Copy out the listing below exactly, please, and skip any pictures.

**Given information**
===============
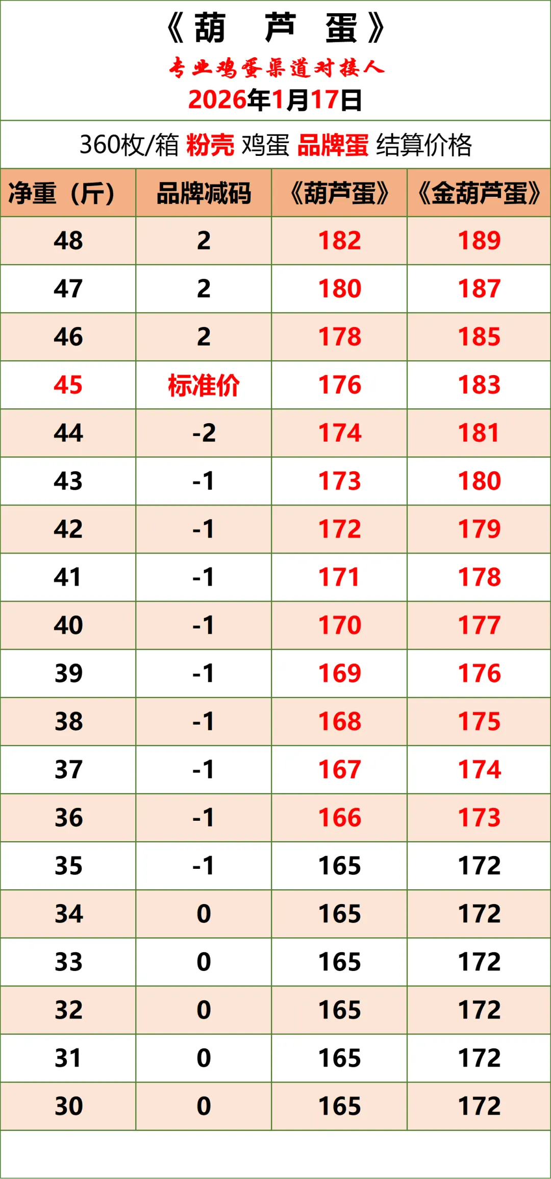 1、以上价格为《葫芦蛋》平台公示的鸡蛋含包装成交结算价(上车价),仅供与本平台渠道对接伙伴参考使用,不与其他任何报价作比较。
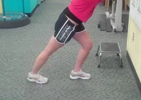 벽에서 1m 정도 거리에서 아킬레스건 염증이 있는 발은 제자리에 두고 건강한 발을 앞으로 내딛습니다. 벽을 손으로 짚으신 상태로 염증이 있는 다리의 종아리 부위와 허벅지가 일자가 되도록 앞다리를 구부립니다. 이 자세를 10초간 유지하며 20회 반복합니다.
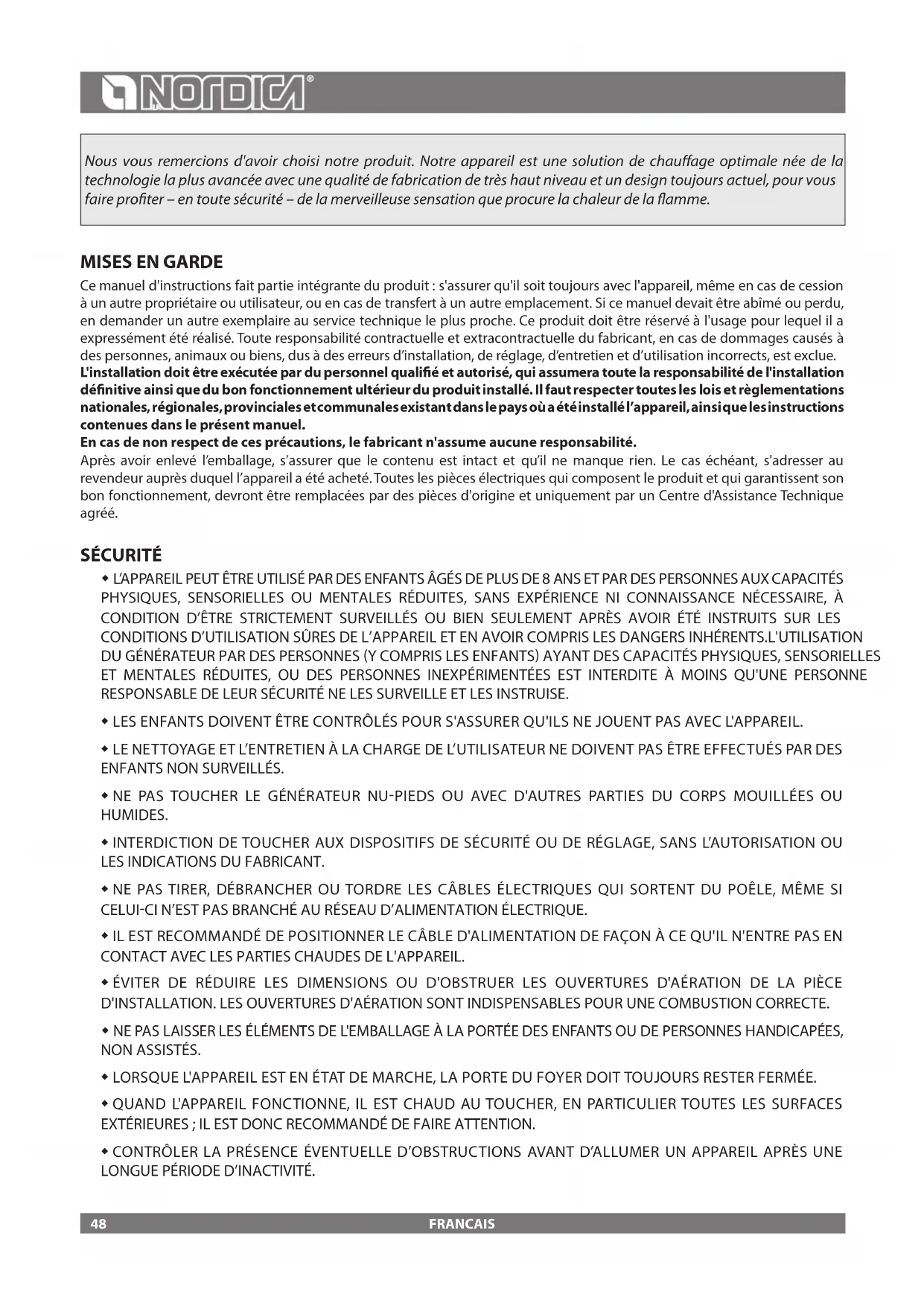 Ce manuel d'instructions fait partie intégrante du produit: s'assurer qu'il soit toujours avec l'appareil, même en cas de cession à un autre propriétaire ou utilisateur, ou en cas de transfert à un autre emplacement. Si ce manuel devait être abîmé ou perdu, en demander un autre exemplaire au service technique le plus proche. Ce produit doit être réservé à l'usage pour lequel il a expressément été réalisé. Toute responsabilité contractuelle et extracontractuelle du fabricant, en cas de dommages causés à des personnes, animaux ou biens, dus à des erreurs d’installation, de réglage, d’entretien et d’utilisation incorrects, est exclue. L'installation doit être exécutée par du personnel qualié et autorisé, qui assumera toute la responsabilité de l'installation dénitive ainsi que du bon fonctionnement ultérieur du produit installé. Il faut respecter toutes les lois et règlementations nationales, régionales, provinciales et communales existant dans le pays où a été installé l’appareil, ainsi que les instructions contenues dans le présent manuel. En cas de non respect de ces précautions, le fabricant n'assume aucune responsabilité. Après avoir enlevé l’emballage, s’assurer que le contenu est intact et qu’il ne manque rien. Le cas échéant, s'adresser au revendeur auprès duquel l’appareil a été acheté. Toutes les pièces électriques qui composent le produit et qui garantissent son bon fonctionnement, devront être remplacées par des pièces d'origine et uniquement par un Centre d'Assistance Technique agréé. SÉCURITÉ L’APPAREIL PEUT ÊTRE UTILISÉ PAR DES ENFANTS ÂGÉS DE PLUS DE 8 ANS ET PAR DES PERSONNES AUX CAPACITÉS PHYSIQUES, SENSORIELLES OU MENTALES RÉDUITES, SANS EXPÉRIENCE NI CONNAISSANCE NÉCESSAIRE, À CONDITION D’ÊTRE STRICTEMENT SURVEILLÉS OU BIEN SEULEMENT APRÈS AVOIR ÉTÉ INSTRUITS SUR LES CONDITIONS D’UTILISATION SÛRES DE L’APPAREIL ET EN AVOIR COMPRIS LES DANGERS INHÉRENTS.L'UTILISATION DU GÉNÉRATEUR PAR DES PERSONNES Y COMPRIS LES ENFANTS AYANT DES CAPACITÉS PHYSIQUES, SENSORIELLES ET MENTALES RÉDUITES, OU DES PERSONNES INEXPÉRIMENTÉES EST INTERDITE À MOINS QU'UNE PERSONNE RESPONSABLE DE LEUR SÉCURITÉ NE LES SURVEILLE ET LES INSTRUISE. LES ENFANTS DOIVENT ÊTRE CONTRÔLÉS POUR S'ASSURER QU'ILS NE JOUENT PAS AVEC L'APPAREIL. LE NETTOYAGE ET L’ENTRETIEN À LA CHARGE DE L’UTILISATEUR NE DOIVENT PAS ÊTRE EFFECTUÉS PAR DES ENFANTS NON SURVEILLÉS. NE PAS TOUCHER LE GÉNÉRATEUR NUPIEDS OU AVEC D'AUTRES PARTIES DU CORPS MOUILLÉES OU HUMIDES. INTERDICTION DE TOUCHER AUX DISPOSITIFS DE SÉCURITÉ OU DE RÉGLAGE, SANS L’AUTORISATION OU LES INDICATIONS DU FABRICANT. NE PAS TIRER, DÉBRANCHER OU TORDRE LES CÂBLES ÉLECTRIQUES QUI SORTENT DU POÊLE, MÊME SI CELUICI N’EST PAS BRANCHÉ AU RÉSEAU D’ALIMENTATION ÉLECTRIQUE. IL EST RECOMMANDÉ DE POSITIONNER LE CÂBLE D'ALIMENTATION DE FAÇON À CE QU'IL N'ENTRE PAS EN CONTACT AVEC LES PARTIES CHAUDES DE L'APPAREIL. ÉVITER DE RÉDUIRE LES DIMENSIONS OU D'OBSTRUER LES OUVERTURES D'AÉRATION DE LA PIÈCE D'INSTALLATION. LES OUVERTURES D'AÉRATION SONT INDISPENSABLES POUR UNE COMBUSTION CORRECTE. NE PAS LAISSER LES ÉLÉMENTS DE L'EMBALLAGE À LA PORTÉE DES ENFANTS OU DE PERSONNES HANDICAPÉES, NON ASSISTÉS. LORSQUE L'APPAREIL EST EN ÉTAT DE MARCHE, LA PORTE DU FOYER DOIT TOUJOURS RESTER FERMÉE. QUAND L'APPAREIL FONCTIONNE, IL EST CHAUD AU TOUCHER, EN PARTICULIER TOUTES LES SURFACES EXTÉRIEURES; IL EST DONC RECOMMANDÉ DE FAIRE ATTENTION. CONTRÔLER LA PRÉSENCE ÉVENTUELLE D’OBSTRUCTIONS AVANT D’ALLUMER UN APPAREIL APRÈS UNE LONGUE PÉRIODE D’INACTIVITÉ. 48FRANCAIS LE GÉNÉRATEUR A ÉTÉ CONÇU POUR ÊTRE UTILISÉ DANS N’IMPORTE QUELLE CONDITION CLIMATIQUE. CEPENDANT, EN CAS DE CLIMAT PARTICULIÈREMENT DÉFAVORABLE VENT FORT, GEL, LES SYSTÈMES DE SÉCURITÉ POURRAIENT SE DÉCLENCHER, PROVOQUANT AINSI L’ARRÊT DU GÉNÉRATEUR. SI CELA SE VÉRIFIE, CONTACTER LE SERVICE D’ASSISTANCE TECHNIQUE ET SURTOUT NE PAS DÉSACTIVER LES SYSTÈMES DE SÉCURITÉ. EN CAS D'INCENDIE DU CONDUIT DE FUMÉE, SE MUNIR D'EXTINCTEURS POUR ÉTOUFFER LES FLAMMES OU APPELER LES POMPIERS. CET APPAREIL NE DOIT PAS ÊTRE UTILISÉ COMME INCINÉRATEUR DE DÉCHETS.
===============
**Answer for this exercise**
 1、以上价格为《葫芦蛋》平台公示的鸡蛋含包装成交结算价(上车价),仅供与本平台渠道对接伙伴参考使用,不与其他任何报价作比较。
 벽에서 1m 정도 거리에서 아킬레스건 염증이 있는 발은 제자리에 두고 건강한 발을 앞으로 내딛습니다. 벽을 손으로 짚으신 상태로 염증이 있는 다리의 종아리 부위와 허벅지가 일자가 되도록 앞다리를 구부립니다. 이 자세를 10초간 유지하며 20회 반복합니다.
 Ce manuel d'instructions fait partie intégrante du produit: s'assurer qu'il soit toujours avec l'appareil, même en cas de cession à un autre propriétaire ou utilisateur, ou en cas de transfert à un autre emplacement. Si ce manuel devait être abîmé ou perdu, en demander un autre exemplaire au service technique le plus proche. Ce produit doit être réservé à l'usage pour lequel il a expressément été réalisé. Toute responsabilité contractuelle et extracontractuelle du fabricant, en cas de dommages causés à des personnes, animaux ou biens, dus à des erreurs d’installation, de réglage, d’entretien et d’utilisation incorrects, est exclue. L'installation doit être exécutée par du personnel qualié et autorisé, qui assumera toute la responsabilité de l'installation dénitive ainsi que du bon fonctionnement ultérieur du produit installé. Il faut respecter toutes les lois et règlementations nationales, régionales, provinciales et communales existant dans le pays où a été installé l’appareil, ainsi que les instructions contenues dans le présent manuel. En cas de non respect de ces précautions, le fabricant n'assume aucune responsabilité. Après avoir enlevé l’emballage, s’assurer que le contenu est intact et qu’il ne manque rien. Le cas échéant, s'adresser au revendeur auprès duquel l’appareil a été acheté. Toutes les pièces électriques qui composent le produit et qui garantissent son bon fonctionnement, devront être remplacées par des pièces d'origine et uniquement par un Centre d'Assistance Technique agréé. SÉCURITÉ L’APPAREIL PEUT ÊTRE UTILISÉ PAR DES ENFANTS ÂGÉS DE PLUS DE 8 ANS ET PAR DES PERSONNES AUX CAPACITÉS PHYSIQUES, SENSORIELLES OU MENTALES RÉDUITES, SANS EXPÉRIENCE NI CONNAISSANCE NÉCESSAIRE, À CONDITION D’ÊTRE STRICTEMENT SURVEILLÉS OU BIEN SEULEMENT APRÈS AVOIR ÉTÉ INSTRUITS SUR LES CONDITIONS D’UTILISATION SÛRES DE L’APPAREIL ET EN AVOIR COMPRIS LES DANGERS INHÉRENTS.L'UTILISATION DU GÉNÉRATEUR PAR DES PERSONNES Y COMPRIS LES ENFANTS AYANT DES CAPACITÉS PHYSIQUES, SENSORIELLES ET MENTALES RÉDUITES, OU DES PERSONNES INEXPÉRIMENTÉES EST INTERDITE À MOINS QU'UNE PERSONNE RESPONSABLE DE LEUR SÉCURITÉ NE LES SURVEILLE ET LES INSTRUISE. LES ENFANTS DOIVENT ÊTRE CONTRÔLÉS POUR S'ASSURER QU'ILS NE JOUENT PAS AVEC L'APPAREIL. LE NETTOYAGE ET L’ENTRETIEN À LA CHARGE DE L’UTILISATEUR NE DOIVENT PAS ÊTRE EFFECTUÉS PAR DES ENFANTS NON SURVEILLÉS. NE PAS TOUCHER LE GÉNÉRATEUR NUPIEDS OU AVEC D'AUTRES PARTIES DU CORPS MOUILLÉES OU HUMIDES. INTERDICTION DE TOUCHER AUX DISPOSITIFS DE SÉCURITÉ OU DE RÉGLAGE, SANS L’AUTORISATION OU LES INDICATIONS DU FABRICANT. NE PAS TIRER, DÉBRANCHER OU TORDRE LES CÂBLES ÉLECTRIQUES QUI SORTENT DU POÊLE, MÊME SI CELUICI N’EST PAS BRANCHÉ AU RÉSEAU D’ALIMENTATION ÉLECTRIQUE. IL EST RECOMMANDÉ DE POSITIONNER LE CÂBLE D'ALIMENTATION DE FAÇON À CE QU'IL N'ENTRE PAS EN CONTACT AVEC LES PARTIES CHAUDES DE L'APPAREIL. ÉVITER DE RÉDUIRE LES DIMENSIONS OU D'OBSTRUER LES OUVERTURES D'AÉRATION DE LA PIÈCE D'INSTALLATION. LES OUVERTURES D'AÉRATION SONT INDISPENSABLES POUR UNE COMBUSTION CORRECTE. NE PAS LAISSER LES ÉLÉMENTS DE L'EMBALLAGE À LA PORTÉE DES ENFANTS OU DE PERSONNES HANDICAPÉES, NON ASSISTÉS. LORSQUE L'APPAREIL EST EN ÉTAT DE MARCHE, LA PORTE DU FOYER DOIT TOUJOURS RESTER FERMÉE. QUAND L'APPAREIL FONCTIONNE, IL EST CHAUD AU TOUCHER, EN PARTICULIER TOUTES LES SURFACES EXTÉRIEURES; IL EST DONC RECOMMANDÉ DE FAIRE ATTENTION. CONTRÔLER LA PRÉSENCE ÉVENTUELLE D’OBSTRUCTIONS AVANT D’ALLUMER UN APPAREIL APRÈS UNE LONGUE PÉRIODE D’INACTIVITÉ. 48FRANCAIS LE GÉNÉRATEUR A ÉTÉ CONÇU POUR ÊTRE UTILISÉ DANS N’IMPORTE QUELLE CONDITION CLIMATIQUE. CEPENDANT, EN CAS DE CLIMAT PARTICULIÈREMENT DÉFAVORABLE VENT FORT, GEL, LES SYSTÈMES DE SÉCURITÉ POURRAIENT SE DÉCLENCHER, PROVOQUANT AINSI L’ARRÊT DU GÉNÉRATEUR. SI CELA SE VÉRIFIE, CONTACTER LE SERVICE D’ASSISTANCE TECHNIQUE ET SURTOUT NE PAS DÉSACTIVER LES SYSTÈMES DE SÉCURITÉ. EN CAS D'INCENDIE DU CONDUIT DE FUMÉE, SE MUNIR D'EXTINCTEURS POUR ÉTOUFFER LES FLAMMES OU APPELER LES POMPIERS. CET APPAREIL NE DOIT PAS ÊTRE UTILISÉ COMME INCINÉRATEUR DE DÉCHETS.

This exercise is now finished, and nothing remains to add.